# Grizzly G0555LX - 14" Deluxe Bandsaw - Love it



## EricLew (Aug 29, 2014)

I completely agree Kurt. I bought the anniversary edition last Christmas and am also very happy with it. no complaints at all
Eric


----------



## WoodNSawdust (Mar 7, 2015)

Thanks or the review.

I have the larger 17" Grizzly and seem to be replacing one of the guide bearings per year. Have you had any problems with yours?


----------



## woodtimes (Jun 14, 2007)

I have this one also and think its a very good saw, I tricked it out with carter guide bearings and made it even better.

Good lick with yours, its will serve you well.


----------



## crashn (Aug 26, 2011)

well, stitches are better than no finger! be safe


----------



## jimbolyy (Aug 19, 2015)

Hope to have money to buy it quickly…


----------



## Chocdog (Aug 31, 2014)

When I ordered mine shipping was free, although I bought a jointer also. Get the "to house" delivery instead of the curb service. It was worth the $30 to have placed into my garage.


----------



## woodmaker (Jan 12, 2011)

I have the same saw and love it, been a trooper no matter what I've done. I cut three of my fingers when a blade broke - and slammed my hand down and broke all 3 as well as cut them. Still have the digits, so I was lucky.

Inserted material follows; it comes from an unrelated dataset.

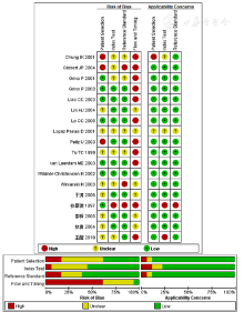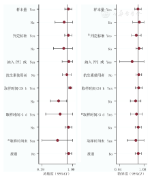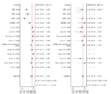 本研究具有以下优势:在充分纳入中英文相关文献的基础上,采用Meta回归和亚组分析方法评估异质性来源,同时将两项诊断性试验进行了间接比较,应用了两种实现诊断性试验网络Meta分析的方法,即多试验SROC曲线图法和调整间接比较法。本研究的局限性:(1)部分纳入文献的样本量较少,易产生偏倚;(2)纳入的研究中仅LIAO等[16]研究了不同诊断试验串并联使用的准确性,因而无法优选得出不同诊断试验串并联使用的最佳组合,亦无法评价组合间的可行性和成本效益。

Bob A in NJ do you have the part numbers for the Carter guides?


----------



## Finn (May 26, 2010)

I have this saw also, since 2008 I have had to replace some of the guide bearings that I bought locally a bit cheaper than from Grizzly. I had to replace the bottom wheel shaft because I was over tensioning the blade I think. I use it mostly for re-sawing. Nice saw.


----------